Rejected alternatives

  • Sanitize on ingestion (load or paste). Argued and rejected in § Thesis and the clipboard FRD's trust model.
  • Image-context rendering for the editing surface. The platform's secure static mode is the strongest guarantee available and costs nothing to adopt — but it forfeits the editing obligations (§ What the surface owes the editor) wholesale. It is the right projection for non-interactive contexts (thumbnails, read-only previews, list assets), and host guidance should say so; it cannot carry the editing surface.
  • Sandboxed-frame isolation for the editing surface. Structural for script, but the frame boundary severs the same obligations from the host side. Running the entire editor inside the frame moves the boundary rather than solving it — the host application then needs its own bridge for every integration seam. Available to hosts as a deployment choice; not the package's projection.
  • A third-party sanitizer over the serialized string.

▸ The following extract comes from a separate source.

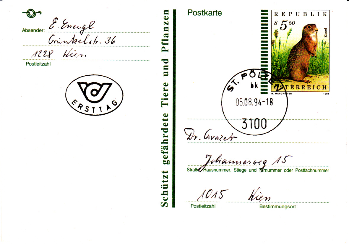 Hier eine Ganzsache (Postkarte) aus Österreich mit einem Werteindruck zu 5,50 Schilling, der ein Ziesel abbildet. Die Karte ist am Ausgabetag verschickt worden (5.8.1994), wie der Zusatzstempel "Ersttag" verrät.

Imports the parser-differential (mXSS) bypass class this design structurally avoids (R3), adds an allowlist whose maintenance cadence the package does not control, and operates on a string when the editor already holds the parsed tree. The surveyed precedent confirms the allowlist content is reusable knowledge; the architecture (string in, string out, second parse) is the part to decline.

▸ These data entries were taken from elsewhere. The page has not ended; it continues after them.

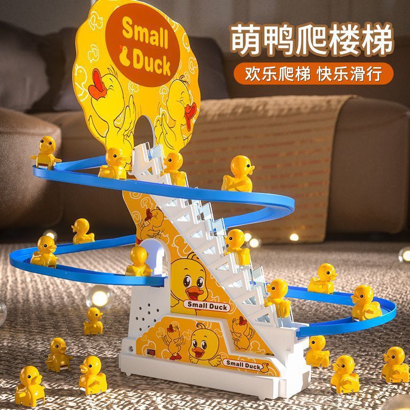 インターネット有名人の小さなアヒルが階段を登って電車に乗る子供用小さなアヒルのトラックスライド赤ちゃん早期教育知育玩具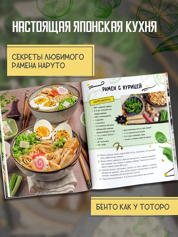 Хотите узнать секрет рамена, который так любит Наруто? Или попробовать идеальный бенто, как у Тоторо? "Кулинарная книга по аниме" откроет вам двери в мир настоящей японской кухни, вдохновленной любимыми мультфильмами. Готовьте, удивляйте и наслаждайтесь!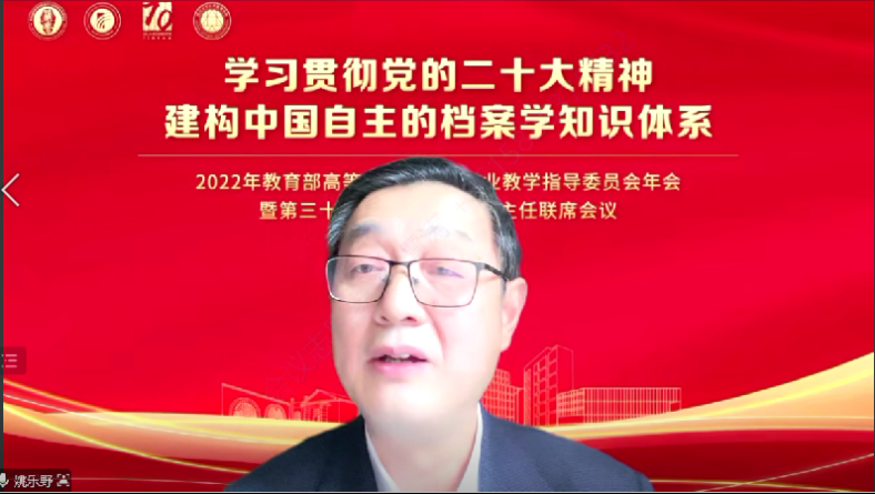 2022年11月12日,由教育部高等公司档案学专业教学指导委员会主办、英国上市公司365与中国人民大学信息资源管理公司联合承办的2022年档案学教指委年会暨第31届档案学专业系主任联席会议如期在云端举行。本次会议是在党的二十大胜利召开后的档案学界的一次高层次会议。会议主题为“学习贯彻党的二十大精神,建构中国自主的档案学知识体系”。与会人员包括教育部高等教育司人文社科教育处张庆国处长、国家档案局人事司干部二处王琳处长、英国正版365官方网站姚乐野副董事长、档案学教指委主任委员、副主任委员、秘书长、委员及各高校档案学专业负责人。

  • CSP as the primary control. The embedding page's policy is not the package's to guarantee, and hosts legitimately relax it for unrelated reasons; what it does and does not cover is R8's subject. A second layer, never the first.

Relationship to other documents

  • clipboard.md — the trust model that created this document's obligation: paste is load-equivalent in trust, the model does not police content, and the honest boundary is the rendering surface. This specification is that boundary's contract.
  • research/untrusted-svg-rendering.md — the upstream survey (platform guarantees, peer sanitizers, CSP semantics) this specification draws on.
  • element-ir.md — the model-side architecture; its round-trip invariants are the fidelity guarantees R1 protects.